━━ PROVIDED DATA ━━

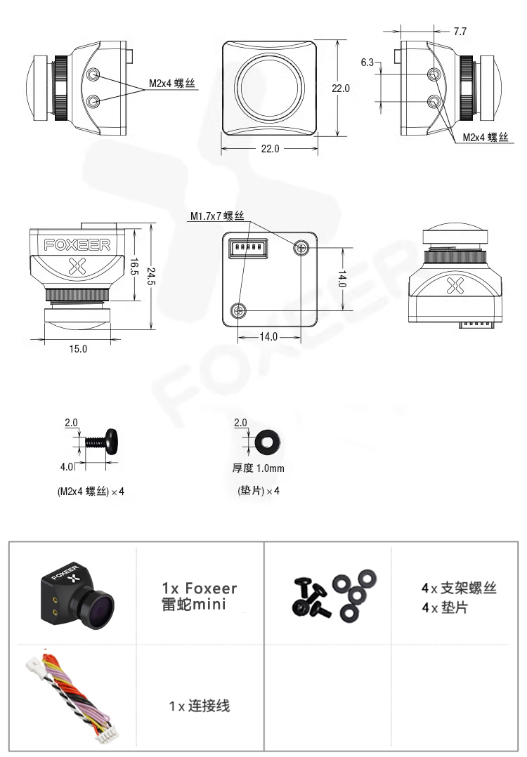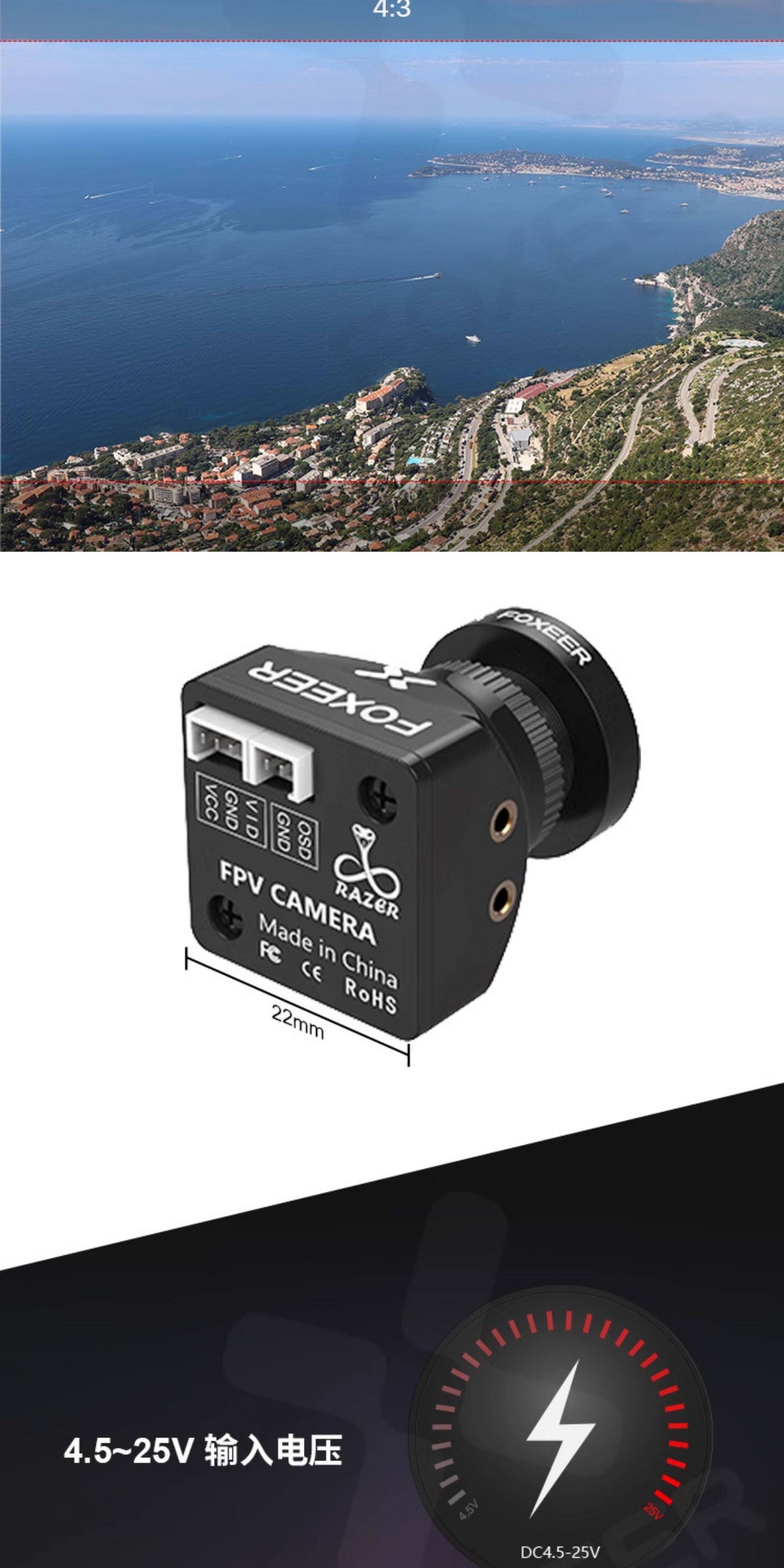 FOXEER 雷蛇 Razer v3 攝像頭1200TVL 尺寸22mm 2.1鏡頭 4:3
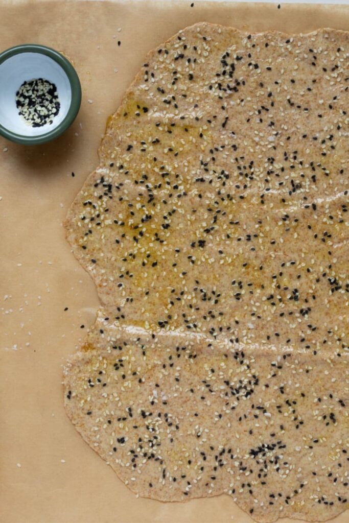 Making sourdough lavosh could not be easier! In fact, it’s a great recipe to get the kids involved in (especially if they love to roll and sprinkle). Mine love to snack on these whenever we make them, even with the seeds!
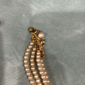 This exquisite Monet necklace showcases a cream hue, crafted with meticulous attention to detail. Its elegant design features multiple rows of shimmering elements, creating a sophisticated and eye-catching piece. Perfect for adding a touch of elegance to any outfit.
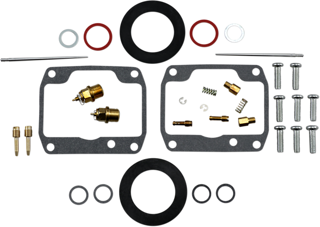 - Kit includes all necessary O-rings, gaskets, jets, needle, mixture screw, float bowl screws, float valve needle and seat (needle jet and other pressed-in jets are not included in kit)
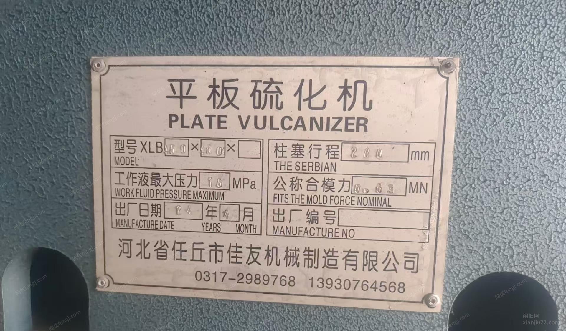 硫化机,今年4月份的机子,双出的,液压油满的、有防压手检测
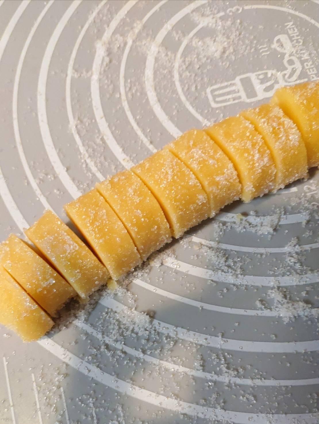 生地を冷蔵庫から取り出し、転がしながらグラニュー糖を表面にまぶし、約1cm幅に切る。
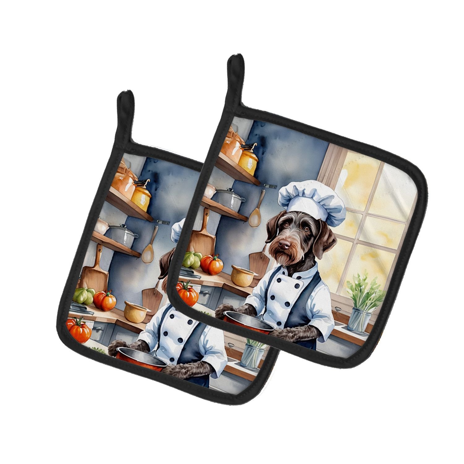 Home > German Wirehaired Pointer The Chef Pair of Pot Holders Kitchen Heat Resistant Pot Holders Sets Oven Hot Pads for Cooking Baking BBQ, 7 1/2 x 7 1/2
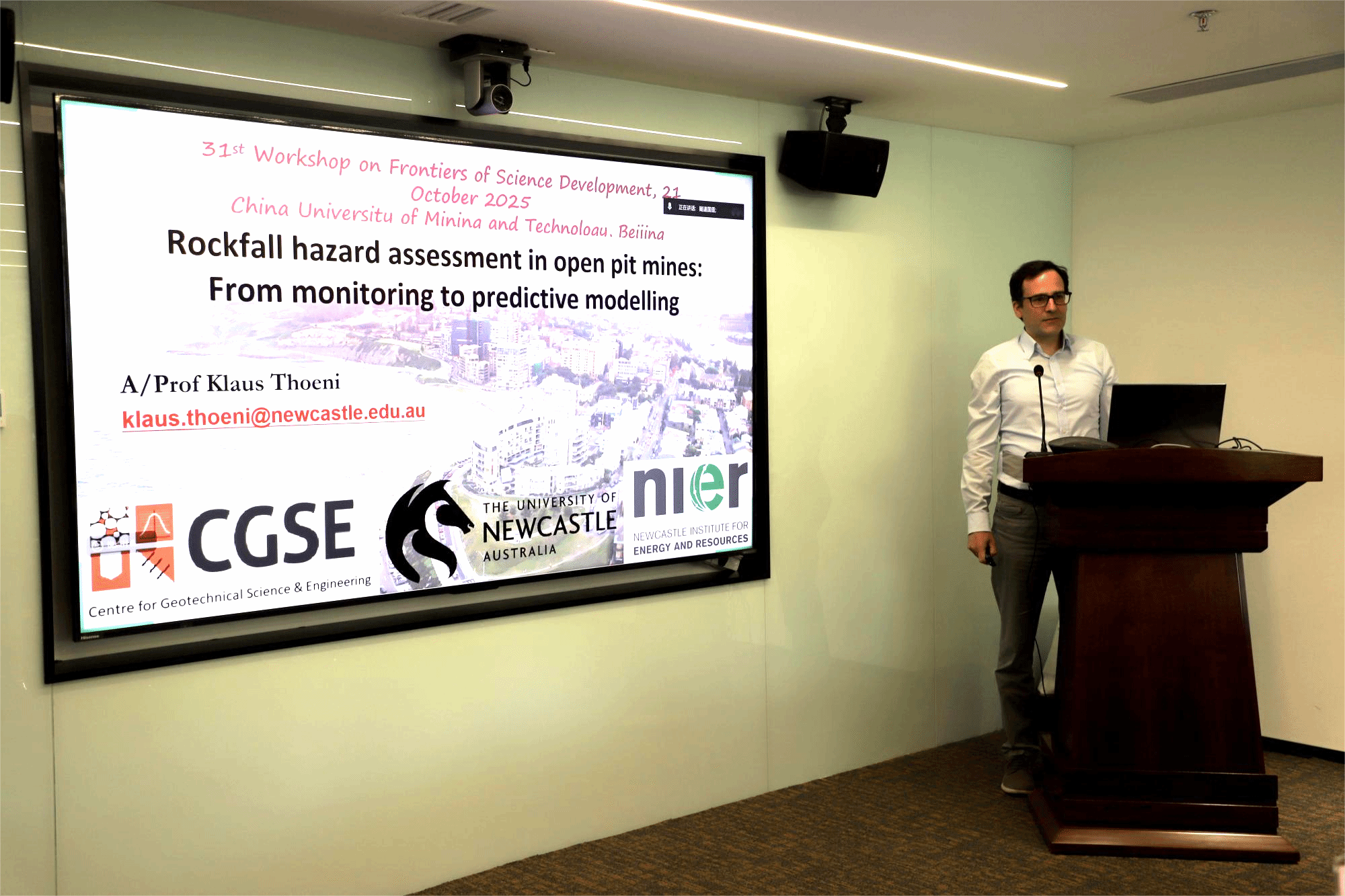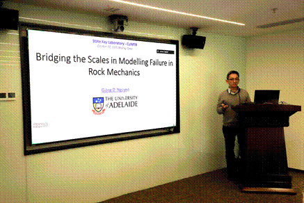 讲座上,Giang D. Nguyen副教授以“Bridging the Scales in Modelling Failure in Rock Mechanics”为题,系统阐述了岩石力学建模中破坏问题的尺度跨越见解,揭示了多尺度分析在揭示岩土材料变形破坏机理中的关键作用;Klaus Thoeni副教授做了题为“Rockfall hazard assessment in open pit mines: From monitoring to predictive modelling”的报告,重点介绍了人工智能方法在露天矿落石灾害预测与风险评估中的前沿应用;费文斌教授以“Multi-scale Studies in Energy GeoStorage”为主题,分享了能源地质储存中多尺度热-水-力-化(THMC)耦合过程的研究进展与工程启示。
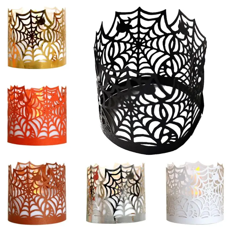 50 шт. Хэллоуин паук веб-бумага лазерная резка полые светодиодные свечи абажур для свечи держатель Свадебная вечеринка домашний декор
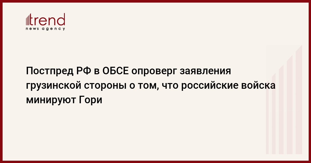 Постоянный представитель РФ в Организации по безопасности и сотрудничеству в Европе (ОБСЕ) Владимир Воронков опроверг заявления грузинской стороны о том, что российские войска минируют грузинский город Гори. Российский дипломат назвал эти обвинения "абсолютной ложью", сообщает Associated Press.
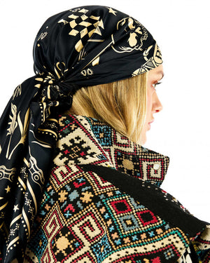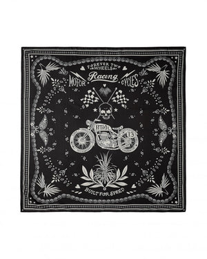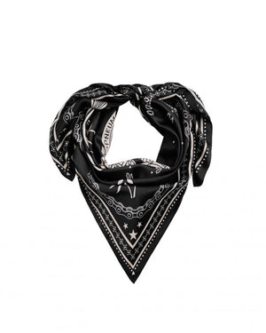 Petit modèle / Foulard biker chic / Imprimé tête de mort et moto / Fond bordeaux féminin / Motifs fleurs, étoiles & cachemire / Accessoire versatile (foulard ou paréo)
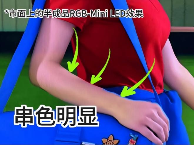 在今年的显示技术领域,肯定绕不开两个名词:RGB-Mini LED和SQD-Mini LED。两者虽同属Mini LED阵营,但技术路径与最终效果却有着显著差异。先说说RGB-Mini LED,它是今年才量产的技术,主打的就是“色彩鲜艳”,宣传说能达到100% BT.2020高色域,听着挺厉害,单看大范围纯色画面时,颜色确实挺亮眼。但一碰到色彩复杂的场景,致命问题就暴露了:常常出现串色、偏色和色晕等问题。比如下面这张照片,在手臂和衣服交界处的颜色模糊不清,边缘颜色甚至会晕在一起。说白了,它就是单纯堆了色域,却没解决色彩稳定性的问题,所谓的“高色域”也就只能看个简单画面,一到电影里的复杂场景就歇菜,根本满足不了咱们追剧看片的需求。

━━━

» TASK INSTRUCTIONS
Starting at the line containing "硫化机,今年4月份的机子,双出的,液压油满的、有防压手检测" and stopping at the line containing "Постоянный представитель РФ", output each line exactly as it appears above. Leave out the pictures.

» SOLUTION TO THIS EXERCISE
 硫化机,今年4月份的机子,双出的,液压油满的、有防压手检测
 生地を冷蔵庫から取り出し、転がしながらグラニュー糖を表面にまぶし、約1cm幅に切る。
 Home > German Wirehaired Pointer The Chef Pair of Pot Holders Kitchen Heat Resistant Pot Holders Sets Oven Hot Pads for Cooking Baking BBQ, 7 1/2 x 7 1/2
 讲座上,Giang D. Nguyen副教授以“Bridging the Scales in Modelling Failure in Rock Mechanics”为题,系统阐述了岩石力学建模中破坏问题的尺度跨越见解,揭示了多尺度分析在揭示岩土材料变形破坏机理中的关键作用;Klaus Thoeni副教授做了题为“Rockfall hazard assessment in open pit mines: From monitoring to predictive modelling”的报告,重点介绍了人工智能方法在露天矿落石灾害预测与风险评估中的前沿应用;费文斌教授以“Multi-scale Studies in Energy GeoStorage”为主题,分享了能源地质储存中多尺度热-水-力-化(THMC)耦合过程的研究进展与工程启示。
 50 шт. Хэллоуин паук веб-бумага лазерная резка полые светодиодные свечи абажур для свечи держатель Свадебная вечеринка домашний декор
 Постоянный представитель РФ в Организации по безопасности и сотрудничеству в Европе (ОБСЕ) Владимир Воронков опроверг заявления грузинской стороны о том, что российские войска минируют грузинский город Гори. Российский дипломат назвал эти обвинения "абсолютной ложью", сообщает Associated Press.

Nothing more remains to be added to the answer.